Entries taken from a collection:

* * * *

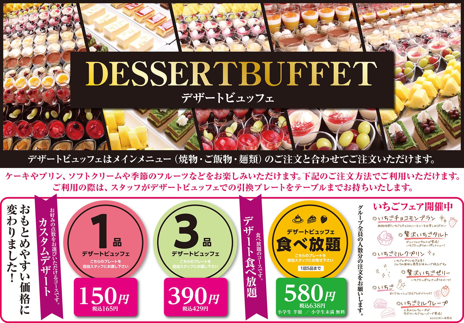 ※デザートビュッフェは、メインメニュー(焼き物・ご飯物・麺類)のご注文と合わせてご注文下さい。
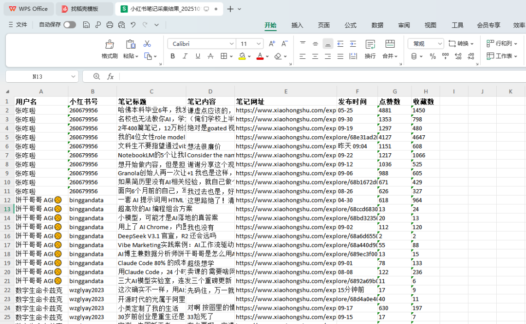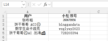 表格有两列:用户、小红书号,其中表格第一行是列名,要从第二行开始逐行进行遍历,用表格中的」小红书号」列的值到 https://www.xiaohongshu.com 搜索用户,读取当前博主最近的10条笔记标题、内容、网址、发布时间、点赞收藏等数据。
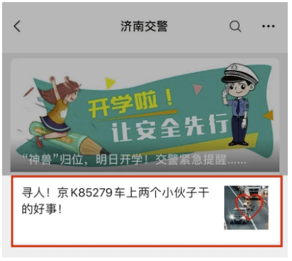 全网搜寻的京K车小哥“爆红”,他却说……- [128] (2020-09-07 08:30:13) (0) (0)全网搜寻的京K车小哥“爆红”,他却说……09-06 22:06近日,山东济南交警 发布一则“寻人启事” 寻找驾乘京K牌照商务车的两位小哥 两人在高速公路上 搬离了阻挡交通的轮胎 之后却悄然驶离
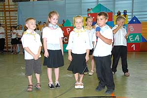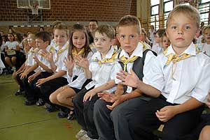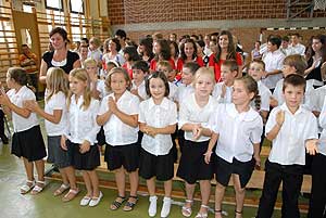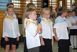 A városi tanévnyitón Szirbik Imre polgármester szólt a gyerekekhez először, figyelmeztetve őket arra, hogy mindig számíthatnak majd a nagyobbak segítségére és útmutatására. A polgármester elmondta, mindenki azt szeretné, ha az iskolaélet végén minden diák ügyes, értékeiben bízó felnőtté válna. Az ünnepség alkalmat adott arra is, hogy megköszönjék a Koszta József Általános Iskola eddigi vezetőjének, Almási Jánosnénak a munkáját, aki az idei tanévtől ismét visszatér a katedrához. Őt állva tapssal köszöntötte a több száz gyermek, szülő és kolléga.. Igazgatói feladatait Szemerédi András veszi át az oktatási intézményben, aki szólt arról, hogy jelenleg közel 600 diák tanul a Kosztában, közel 70 elsős most indult el a tanulmányok útján. Az igazgató arra is felhívta a figyelmet, hogy a nyáron felújításokat végeztek az intézményben, így a tanulás mellett a tanulók azt is feladatul kapták, hogy vigyázzanak a megújult épületre.
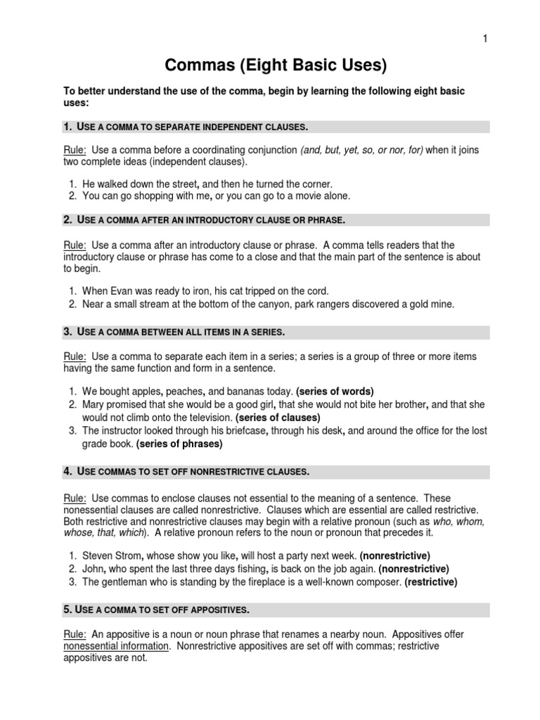 comma rules you have learned and be sure you know why you are adding or deleting a
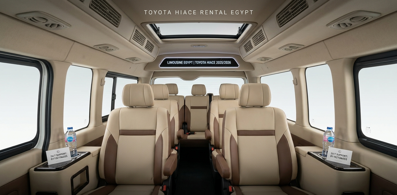 When planning a trip to the land of the Pharaohs, transportation is the backbone of your experience. Limousine Egypt provides the top-tier Toyota Hiace 2025, featuring 13 comfortable seats and high-performance air conditioning. بالتالي we ensure that your journey from the moment you land is seamless, professional, and luxurious. Our fleet is specifically curated to meet the needs of large families and tourist groups who demand safety and style.
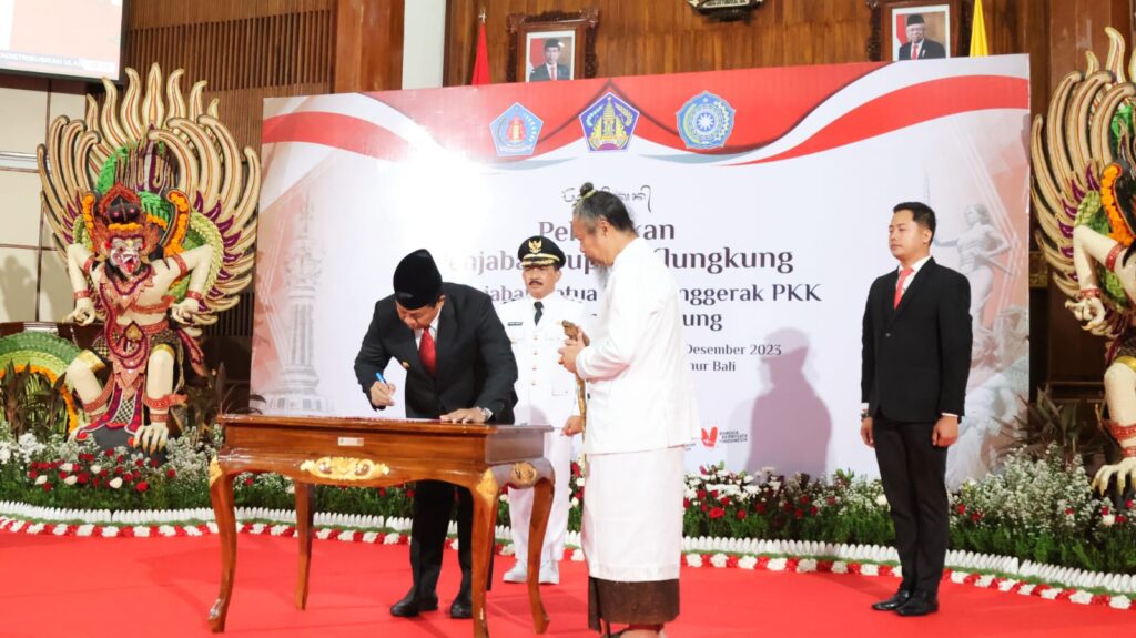 DENPASAR – Penjabat (Pj) Gubernur Bali S.M. Mahendra Jaya melantik dan mengambil sumpah jabatan I Nyoman Jendrika sebagai Pj. Bupati Klungkung dalam prosesi pelantikan yang berlangsung di Ruang Wiswa Sabha Utama Kantor Gubernur Bali, Sabtu (16/12/2023). Jendrika yang sebelumnya menjabat sebagai inspektur di Pusat Pelaporan dan Analisis Transaksi Keuangan (PPATK) mengisi posisi sebagai Penjabat Bupati Klungkung hingga dilantiknya Bupati dan Wakil Bupati definitif hasil Pemilukada Tahun 2024. Prosesi pelantikan diawali dengan pengucapan sumpah jabatan yang dipandu oleh Pj. Gubernur Bali, dilanjutkan penandatanganan berita acara pengucapan sumpah jabatan dan fakta integritas. Prosesi berikutnya adalah pemasangan tanda pangkat, penyematan tanda jabatan dan penyerahan SK Mendagri.
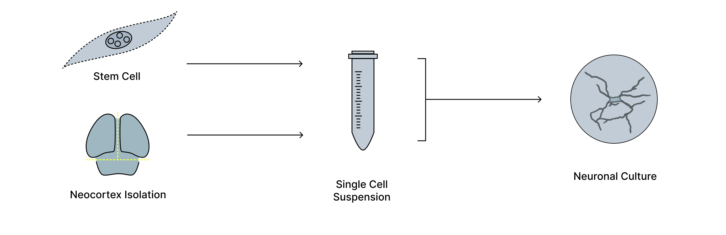 Figure 1. Generation of living neuronal cultures on electrode arrays. Neurons are derived from biological tissue, isolated, and dissociated into a single-cell suspension before being grown on high-density multielectrode arrays. Over time, these cells form living neuronal cultures that can be interfaced with electronic systems, providing a physical substrate for studying and harnessing neural activity.
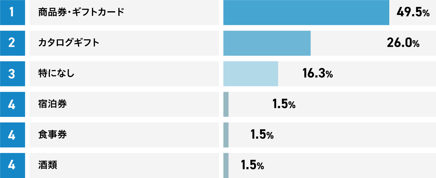 この結果から、内祝いには「自分で好きなものを選べるギフト」が人気であることがわかります。
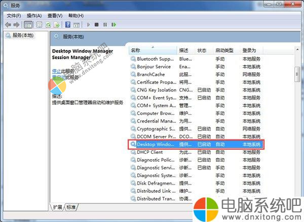3、在右边窗口找到名称为“Desktop Window Manager Session Manager”的服务,双击打开。
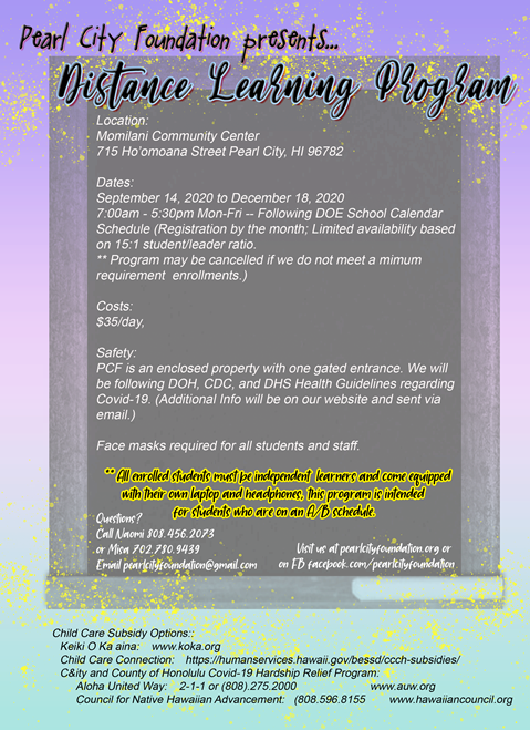 The Pearl City Foundation at the Momilani Community Center is launching a new program to help provide child care for distance learning.
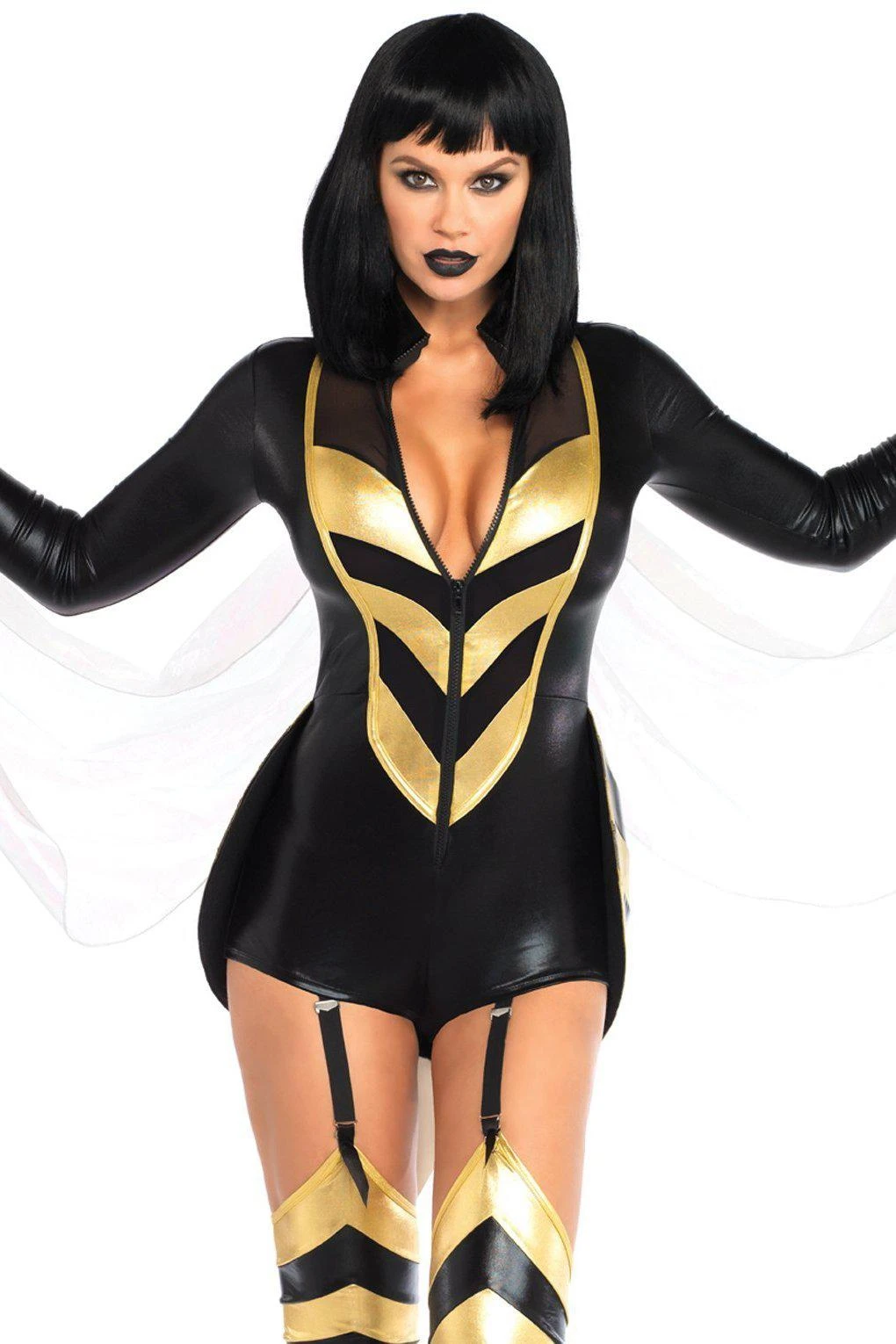 Leg Avenue 2 PC Hornet Honey, includes wet look zipper front garter bodysuit with foam stinger, attached iridescent wings, and matching thigh highs.

* * * *

*What to produce:* Stop after the line containing "两人在高速公路上 搬离了阻挡交通的轮胎 之后却悄然驶离": copy the records exactly from the first line up to there, leaving pictures out.

*Written answer:*
 ※デザートビュッフェは、メインメニュー(焼き物・ご飯物・麺類)のご注文と合わせてご注文下さい。
 表格有两列:用户、小红书号,其中表格第一行是列名,要从第二行开始逐行进行遍历,用表格中的」小红书号」列的值到 https://www.xiaohongshu.com 搜索用户,读取当前博主最近的10条笔记标题、内容、网址、发布时间、点赞收藏等数据。
 全网搜寻的京K车小哥“爆红”,他却说……- [128] (2020-09-07 08:30:13) (0) (0)全网搜寻的京K车小哥“爆红”,他却说……09-06 22:06近日,山东济南交警 发布一则“寻人启事” 寻找驾乘京K牌照商务车的两位小哥 两人在高速公路上 搬离了阻挡交通的轮胎 之后却悄然驶离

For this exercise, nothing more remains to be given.